I feel like you're putting the hog in danger by trying to feed pinkies.


----------



## eskye (Oct 5, 2012)

I don't believe at all that pinkies are dangerous in any way if fed properly. Considering that I raise them and feed them myself, I know what they are and how to feed them to my own animals as well as the animals at my shop. Meat is meat. But that's for another thread.

This wasn't really a debate about whether or not to feed pinkies. That's up to the keeper. This was just providing information on nutrition that I do not believe most people would know just from looking at a chart. If anything, this would discourage feeding without knowing exactly what is in your pinkies and how they were raised.


----------



## LizardGirl (Aug 25, 2008)

I'm with eskye here. Thanks for the info and encouraging people to think twice before feeding to be sure they're offering something that's good quality. If you're careful about it I think pinkies (as well as any other feeder, primarily insects) are great and offer a lot of mental stimulation. I raise my own mice, rats, roaches, mealworms, nightcrawlers, etc. and wouldn't feed most of what I find in pet stores, but if you raise them properly yourself or know someone who does, using whatever miniscule risk that can be made up about feeding anything, as an excuse to not feed it, is like "not using stairs for fear of breaking an ankle" as a friend once put it. Everyone can decide for themselves if they'd like to offer different treats.


----------



## eskye (Oct 5, 2012)

Exactly so! I could say right now that feeding excessive mealworms to a hedgie will back up their digestive system completely and could cause fatal constipation and possibly internal bleeding (this can happen with severe forms of IBD in humans as well) but that doesn't mean feeding them in moderation will absolutely kill your hedgehog.

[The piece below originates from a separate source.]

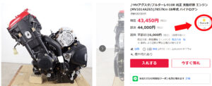 これは今欲しいオートバイのエンジンですが新品では90万円します。走行8,000km弱で程度良好の個体が5万円以下、となると上記の手法で調達を試みますw

Everything needs to be fed in moderation.

I'd argue that anyone buying feeders from anywhere has the possible chance of killing their hedgehog by feeding it, because of parasites and not really knowing what goes on behind the scenes. Pinkies are the same way - sometimes bad, sometimes good.

The point is - know what you eat. Especially know what your animals eat, because they're much more likely to succumb to something caused by dietary issues than you are. Moderation and caution produces the healthiest and happiest animals.


----------



## Lilysmommy (Jan 7, 2009)

Thank you for posting! I never did try to give Lily pinkies, but I was rather interested in the posts from people who did try pinkies with their hedgehogs, and I was confused by all of the different remarks that were made on fat content, calcium content, healthiness, etc. Seemed like everyone said something different!


----------



## eskye (Oct 5, 2012)

Lilysmommy said:


> Thank you for posting! I never did try to give Lily pinkies, but I was rather interested in the posts from people who did try pinkies with their hedgehogs, and I was confused by all of the different remarks that were made on fat content, calcium content, healthiness, etc. Seemed like everyone said something different!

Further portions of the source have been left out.